Tuesday, June 14, 2011

The fallacy of composition, union version

Earlier, I used an equation and some data from Richard Freeman and James Medoff's book What Do Unions Do? to estimate the deadweight losses created by New Hampshire unions.

But I committed a subtle fallacy of composition, which biases my estimate downward. (The fallacy of composition arises when someone assumes that the part -- in this case, New Hampshire -- works the same as the whole -- the United States. It doesn't.)

I also want to clarify what exactly deadweight losses are, because, in retrospect, it seems that my earlier essay could easily be misinterpreted.

This is a diagram of the unionized labor market:



The demand curve slopes downward because, as the wage decreases, employers want to buy more labor. The supply curve slopes upward because, as the wage increases, more people want to work in this sector.

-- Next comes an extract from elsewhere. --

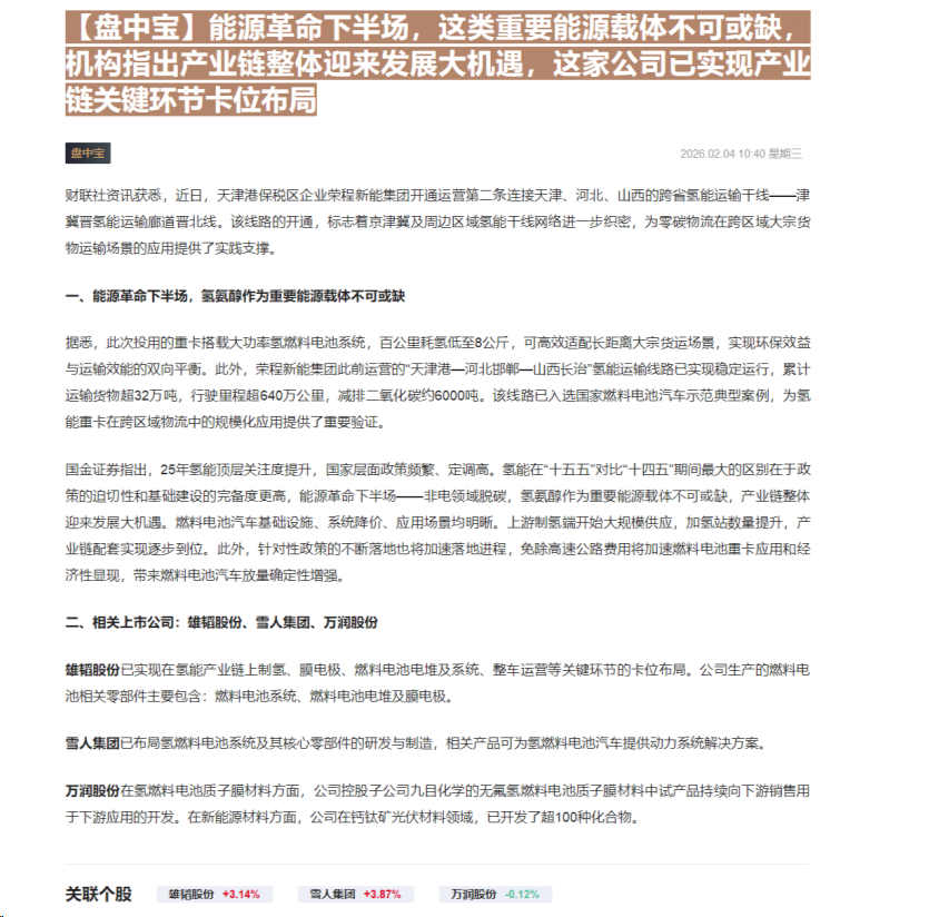 CLSMA to 财联社 10合一 实时滚动更新中文 · 12 hours ago10:40【盘中宝】能源革命下半场,这类重要能源载体不可或缺,机构指出产业链整体迎来发展大机遇,这家公司已实现产业链关键环节卡位布局imagemessage-square0linkfedilinkarrow-up11arrow-down10

In a perfectly competitive market, the wages offered and the amount of labor hired would be set at the intersection of the supply and demand curves. If the wage were higher, the available workers would outnumber the available jobs, and employers would find that they could lower wages and still get all the labor they need. If the wage were lower, the available jobs would outnumber the available workers, and employers would have to raise wages in order to attract more workers into the market. This feedback effect leads employers to offer the wage where the two lines intersect, where the quantity of labor demanded and the quantity of labor supplied are equal.

But if workers bargain as a union, instead of accepting the competitive market wage, they can set the price-- in effect, choosing any point they'd like on the demand curve. Higher wages, however, come at the expense of fewer jobs, since employers want fewer workers at the higher wage.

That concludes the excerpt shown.